In the movie theater i try to sit as center as i can. Both right to left and back to front.

In the symphony i wonder if the same spot would be ideal? Others say as close to behind the conductor as possible....but keeping center.

Thoughts?


----------



## Gerbil (Jan 8, 2020)

Depends on the piece. If it's Shostakovich's Symphony no.11 then as far back as possible because the end is so loud it rips my ears off.


----------



## muk (Jan 8, 2020)

Depends on the hall, the piece, and the orchestra seating plan. In the middle around two thirds to the back is usually a good spot acoustically. For smaller ensembles it's nice to be closer. That's a rough rule of thumb if you don't know the location. But in a good concert hall, you should get great acoustics on many seats.


----------



## jbuhler (Jan 8, 2020)

For cinema I prefer half to two thirds back for the medium theater, half way back for the large theater and slightly off-center.
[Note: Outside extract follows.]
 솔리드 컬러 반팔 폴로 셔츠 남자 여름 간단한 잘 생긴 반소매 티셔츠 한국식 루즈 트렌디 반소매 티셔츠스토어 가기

In concert hall for symphony, main floor two thirds of the way back, again slightly off center. The various balconies often have good spots too but it depends greatly on the hall.


----------



## Robert_G (Jan 8, 2020)

Its an interesting way to look at things. As someone who is there in the audience we dont hear such drastic panning by sitting further back. The conductor hears drastic panning.... some instruments to his complete left some to his complete right some straight forward and the rest somewhere inbetween.
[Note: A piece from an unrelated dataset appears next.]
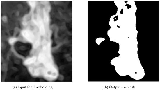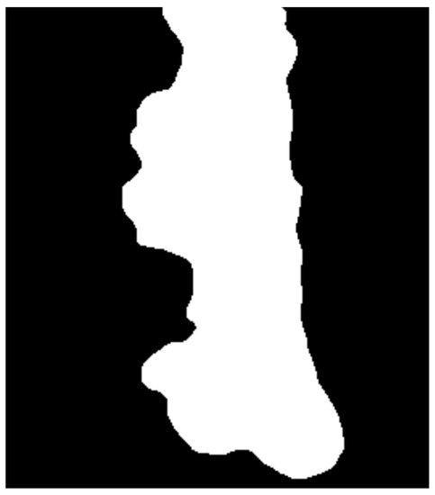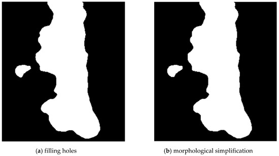 The thresholding result may have some imperfections—small blobs and unfilled areas. Unfilled areas are removed using the inverted output of the function bucketfill (imager library). It is applied on the background of the weld and it finds all pixels of the background. The remaining the pixels are filled with value 1 (white) (Figure 7a).

My thoughts on this are trying to brainstorm the perfect panning of the VI instruments in my mix to what the best seat in the house at a symphony would sound like.


----------



## d.healey (Jan 8, 2020)

It depends on the venue. I like to sit up in the highest balcony. The sound is great (at least in my local venue) but more importantly for me I get to see what everyone is doing. Oh and the seats are cheaper 

Another location I like is the front center of the first balcony. At my local venue this puts me roughly in the center of the hall in all 3 dimensions as the balcony comes forward quite a bit over the audience below.

The stage is raised up quite a bit at this place so sitting ring side is crappy; you can't see anything and the audio isn't that great either. I once sat there for an African choir performance and luckily the group came down from the stage and was dancing and singing amongst the audience so the front row seats turned out perfect on that occasion.


----------



## Loïc D (Jan 8, 2020)

I attend a lot of live classical concerts a year, so I go for the cheap tickets (even if I benefit from loyalty plan).
I like to be in first balcony front (expensive seats though).

That said, last concert was Mahler’s 3rd and I was seating behind the Tuba. I was happy. Him too.


----------



## Daryl (Jan 9, 2020)

Every concert hall has a sweet spot. You have to do some research, either yourself, or from regular concert goers. There is no fixed rule I'm afraid.


----------